# The ole Fluid Change Speech...



## frtaylor9 (Mar 19, 2012)

Well the names Mitchell AKA frtaylor9. First of all I want to start out saying I'm new to the world of GTO's as I have just purchased my first only a week ago & learning as I go...got a lot accomplished with it so far, and I am glad to be apart of the forum.

I pretty much got it down on the rules & no no's of a forum kinda like the this post is a sure bet repeat, as I have searched deliberately for a answer. But I can't get a clear one.

The car has just over 65,000 miles was garage kept and basically flawless, but I was looking for a proper fluid change in both the rear diff and manual tranny, I have read a lot about it on here through search forums, I see DEXIII, Syncromesh, and all different brands. (reg dex, amsoil, rp, castrol, mobil, gm, pennzoil, lucas... exc.)

I got the fluid change process down...

Just what 2 fluids work best in the rear diff and tranny that have been proven?

Thanks guys Help me put this topic to rest.:cool


----------



## jpalamar (Jul 22, 2008)

I changed my fluids at about 45k miles. Used RP Syncromesh in the trans and MaxGear in the diff. It was fine. Didn't feel any better or worse then the OEM stuff. The diff fluid didn't last too long before my clunk came back so I swaped again but used the cheap crap from AutoZone that had FM in it... it was fine for 10k miles before I sold the car. I personally don't think it really matters unless you doing tons of track days. I won't spend $20 a qt on fluids ever again though.

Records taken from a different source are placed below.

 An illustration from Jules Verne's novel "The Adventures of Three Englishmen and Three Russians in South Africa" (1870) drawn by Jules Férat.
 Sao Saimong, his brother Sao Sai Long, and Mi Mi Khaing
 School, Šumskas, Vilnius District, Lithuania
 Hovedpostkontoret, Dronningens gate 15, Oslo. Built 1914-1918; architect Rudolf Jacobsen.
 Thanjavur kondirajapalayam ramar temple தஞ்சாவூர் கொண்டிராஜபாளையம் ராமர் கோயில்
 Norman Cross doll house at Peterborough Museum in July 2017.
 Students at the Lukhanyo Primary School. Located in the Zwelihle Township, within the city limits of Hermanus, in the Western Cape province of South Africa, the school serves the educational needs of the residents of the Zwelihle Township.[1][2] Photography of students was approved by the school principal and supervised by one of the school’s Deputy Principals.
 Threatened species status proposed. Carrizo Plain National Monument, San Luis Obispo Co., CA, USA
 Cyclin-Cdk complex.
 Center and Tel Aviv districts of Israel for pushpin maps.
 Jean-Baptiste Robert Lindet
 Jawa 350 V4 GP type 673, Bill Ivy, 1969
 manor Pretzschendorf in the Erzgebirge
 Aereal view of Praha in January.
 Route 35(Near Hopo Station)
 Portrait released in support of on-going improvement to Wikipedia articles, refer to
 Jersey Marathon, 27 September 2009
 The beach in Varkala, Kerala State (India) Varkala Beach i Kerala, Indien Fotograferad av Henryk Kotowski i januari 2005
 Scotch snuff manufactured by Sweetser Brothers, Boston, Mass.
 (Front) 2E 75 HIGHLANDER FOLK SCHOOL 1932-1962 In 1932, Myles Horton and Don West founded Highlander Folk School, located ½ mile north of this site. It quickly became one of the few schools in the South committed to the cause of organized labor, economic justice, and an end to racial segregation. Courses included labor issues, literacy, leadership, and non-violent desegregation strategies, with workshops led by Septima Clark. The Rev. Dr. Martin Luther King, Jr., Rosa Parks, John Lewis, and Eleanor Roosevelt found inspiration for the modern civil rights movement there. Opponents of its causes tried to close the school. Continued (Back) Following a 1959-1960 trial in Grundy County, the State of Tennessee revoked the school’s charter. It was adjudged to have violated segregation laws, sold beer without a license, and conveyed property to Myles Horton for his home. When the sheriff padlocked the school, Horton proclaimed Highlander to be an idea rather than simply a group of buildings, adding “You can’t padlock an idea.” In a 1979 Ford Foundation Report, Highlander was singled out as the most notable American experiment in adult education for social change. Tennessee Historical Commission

Amsoil is probally the best though.


----------



## frtaylor9 (Mar 19, 2012)

jpalamar said:


> I changed my fluids at about 45k miles. Used RP Syncromesh in the trans and MaxGear in the diff. It was fine. Didn't feel any better or worse then the OEM stuff. The diff fluid didn't last too long before my clunk came back so I swaped again but used the cheap crap from AutoZone that had FM in it... it was fine for 10k miles before I sold the car. I personally don't think it really matters unless you doing tons of track days. I won't spend $20 a qt on fluids ever again though.
> 
> Amsoil is probally the best though.


Thanks dude..at least I got some input, I appreciate your time...I'll remember not to drop too much cash on fluids when I get some as long as it meets GM specs I'm good. I think I'm gonna roll with Lucas ATF in the tranny, as I have read some good reviews on from other goat owners. about 7-8 bucks a quart...

Thanks again bro.


----------